What is CNC Milling?
CNC Milling is a nonabrasive manufacturing process that cuts using a geometrically defined edge. This means that the dimensions and angles of the cut are precisely defined and can be duplicated at will. A grinding stone is an example of a geometrically nondefined tool with a random arrangement of cutting surfaces. These are different for every grinding stone and cannot be readily duplicated.
A milling machine (or router) is used to mount and guide a rotating tool that has one or more cutting edges, depending on the type of work being done. The workpiece is fixed to the base of the machine (the machine table) and the tool is moved until its edge cuts into the workpiece and removes material from its surface. Depending on the type of machine in use, the tool and/or the workpiece can be shifted along and rotated around a variety of axes.

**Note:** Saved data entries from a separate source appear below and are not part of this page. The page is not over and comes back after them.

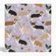 Cute Corgi dogs with fawn, red and tri coat colours with paw prints and dog bones pattern.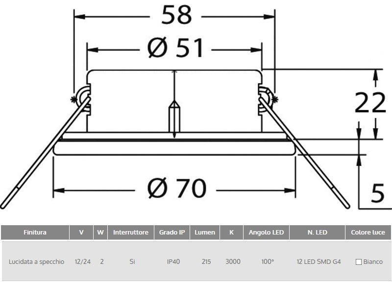 Corpo in acciaio inox. Lente in vetro satinato.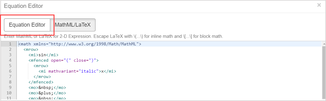 NOTE: The MathML and LaTeX options are only available to you as an instructor or author; not your students.
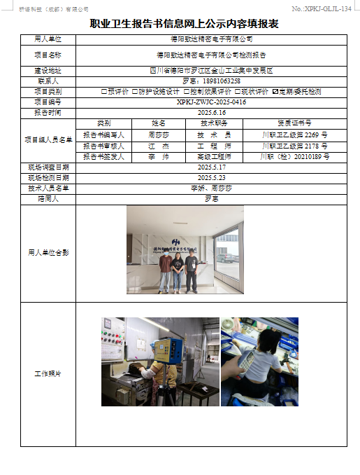 德阳致达精密电子有限公司职业病危害因素定期检测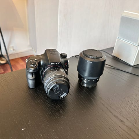 Sælger mit Sony Alpha A58 DSLR i fin stand – perfekt til både begyndere og hobbyfotografer.
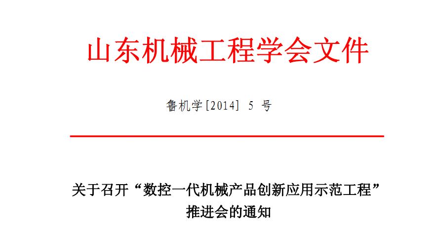 为进一步推进“数控一代机械产品创新应用示范工程” ,提高我国装备制造业的数字化、智能化水平,在各类装备上推广应用数字化控制技术,集成创新一批数控装备,提高机械产品的自主创新能力和产品附加值,推动制造业逐步由“数控一代”向“智能一代”转变,促进工业转型升级,由中国机械工程学会和山东机械工程学会主办、山东机械工程学会和山东机床通用机械工业协会承办的“数控一代机械产品创新应用示范工程”推进会,计划于 2014 年 9 月 20-22 日在山东省泰安市召开。现就会议有关事宜通知如下: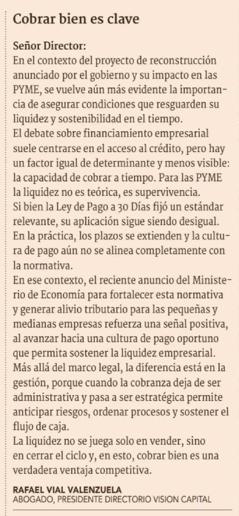 Cartas: Cobrar bien es clave 23-04-2026 Diario Financiero |
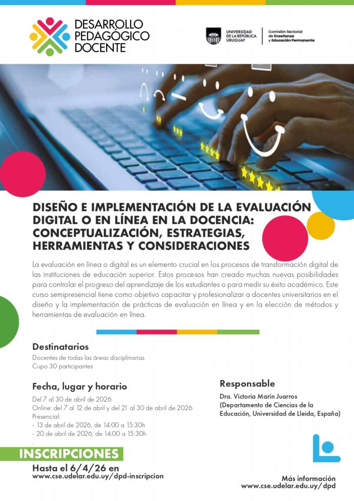 El Programa de Desarrollo Pedagógico Docente del Prorrectorado de Enseñanza de Udelar presenta el curso «Diseño e implementación de la evaluación digital o en línea en la docencia«.
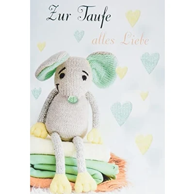Greeting card, greeting card, card. Baptism Includes envelope in: cream Christening Card Basic Classic Mouse 11.6 x 16.6 cm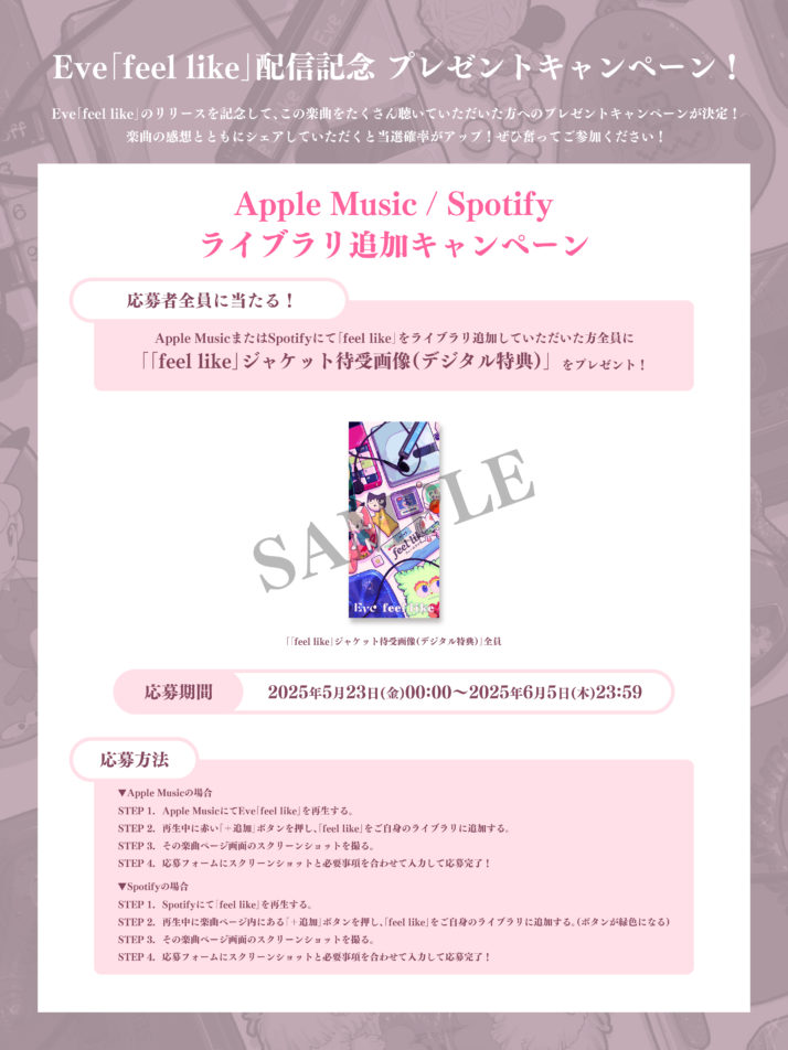Eveの誕生日を記念して、新曲「feel like」を本日5月23日(金)0時にサプライズで配信リリースいたしました。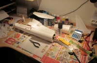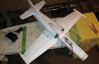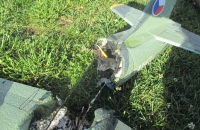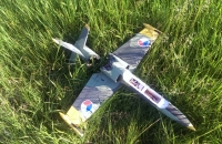 Model jsem postavil z výřezů od firmy LM Models. Použil jsem vnitřnosti z havarovaného F4 Phantom II z výprodeje od Pelikána. To byla asi bohužel chyba. Letadlo létalo dobře, více než dobře, ale jak jsem ho začal dostávat do ruky, létal jsem víc a víc a regulátor to nevydržel :( Vypnul motor, tak jsem v domnění že došla baterka, doplachtil na přistání, bohužel dále od plochy a jak jsem pro model šel, vidím jak stoupá bílý dým... no než jsem doběhl už vyšlehl z trupu plamen.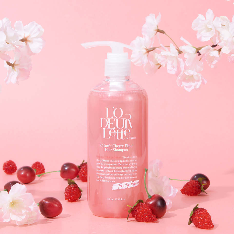 Lodeurlette แชมพูสำหรับผมสีเชอร์รี่เฟลอร์แชมพูกลิ่นดอกไม้สูตรเพิ่มวอลลุ่มทำความสะอาดประจำวัน1L
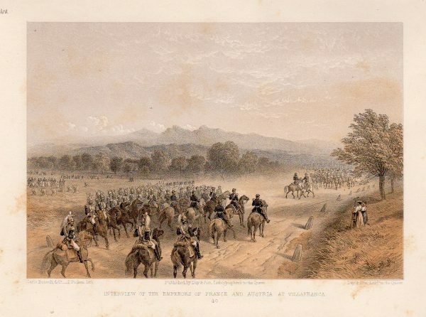 VILLAFRANCA PIEMONTE - Guerra d'Italia. Interview of the Emperor of France and Austria at Villafranca. Bella litografia raffigurante paesaggio campestre con numerose truppe a cavallo.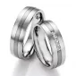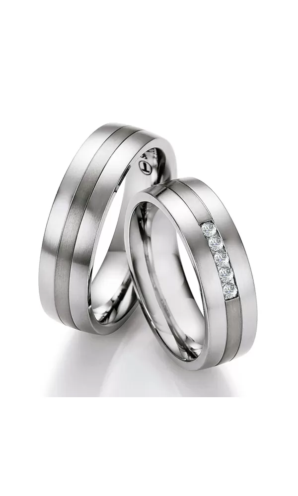 Oceľové snubné prstene kombinované s titánom, kedy do snubného prsteňa z chirurgickej ocele je vložený titánový prúžok. V dámskom prsteni je vsadených päť okrúhlych diamantov briliantového brusu. Snubné prstene sú vyrobené v rovnom profile s vnútorným fit profilom – zaoblenie vnútorných stien prsteňov. Snubné prstene sú v matnej povrchovej úprave - zamatový mat, kedy titánový prúžok je zvýraznený jemnými ryhami. Diamanty vynikajú svojou krásou a vlastnosťami, ktoré sú oproti iným kameňom bezkonkurenčné. Je to najtvrdší nerast, ktorý nikdy nestratí svoju hodnotu. Diamant je kráľ všetkých drahokamov a teda aj jedným z najcennejších a preto sa oplatí do šperkov s diamantmi investovať a predovšetkým pri snubných prsteňoch, ktoré sú na celý život! Vsadzovanie diamantov vykonávajú naši najskúsenejší majstri zlatníci ručne pod mikroskopom s presnosťou na 0,01 mm a preto nehrozí vypadnutie kamienkov ako to býva u strojne vyrábaných snubných prsteňov. Snubné prstene majú vnútorný fit profil - zaoblenie vnútornej strany prsteňov pre príjemnejšie nosenie, nasadzovanie a odnímanie prsteňov.

The simplest type of router is a 3-axis machine, which positions the workpiece along the X, Y, and Z spatial axes. Machines exist with up to 15 separate axes, and the more axes available, the more complex the resulting parts can be. A 3-axis machine can only remove material where it has unhindered access to the workpiece—i.e., on the top or side surfaces.
Many standard machines can be upgraded to add a fourth axis that gives you access to all sides and the bottom of the workpiece. Figure 1.3 shows an industrial milling machine with a rotating machine table that serves as the fourth axis. Rotating the workpiece enables the operator to remove material from places that are inaccessible using a 3-axis machine. Additional axes also enable the tool to engage with the workpiece at a variety of angles. For example, a combination of rotation and vertical movement can be used to mill threaded parts.
The more robust the material of the workpiece, the stronger the machine has to be and the smaller the amounts of material that can be removed during a cut. To remove material, the machine applies force to the workpiece, and an equivalent opposing force is created within the machine. This opposing force can potentially bend or twist the machine itself, which in turn moves the workpiece away from its intended position, causing deviations in the dimensions of the finished part. If these deviations (usually called deflections) are too large, the finished part may be unusable.
Engineering machining tolerances are often as little as ±0.01 mm, sometimes even less. This means that the machine itself has to be stiff enough to prevent flex or torsion-based effects that exceed ±0.01 mm. These tolerances also apply to the tool and the mechanisms used to clamp the workpiece. To ensure that these tolerances are not exceeded, you have to use either an extremely precisely constructed machine or work slowly to avoid producing excessive force. Machines that work fast using a lot of force use precision-made steel parts and are accordingly heavy and expensive. Most home users don’t have the facilities to accommodate such a machine and usually end up using a simpler gantry-style machine. Many hobbyists even build their own.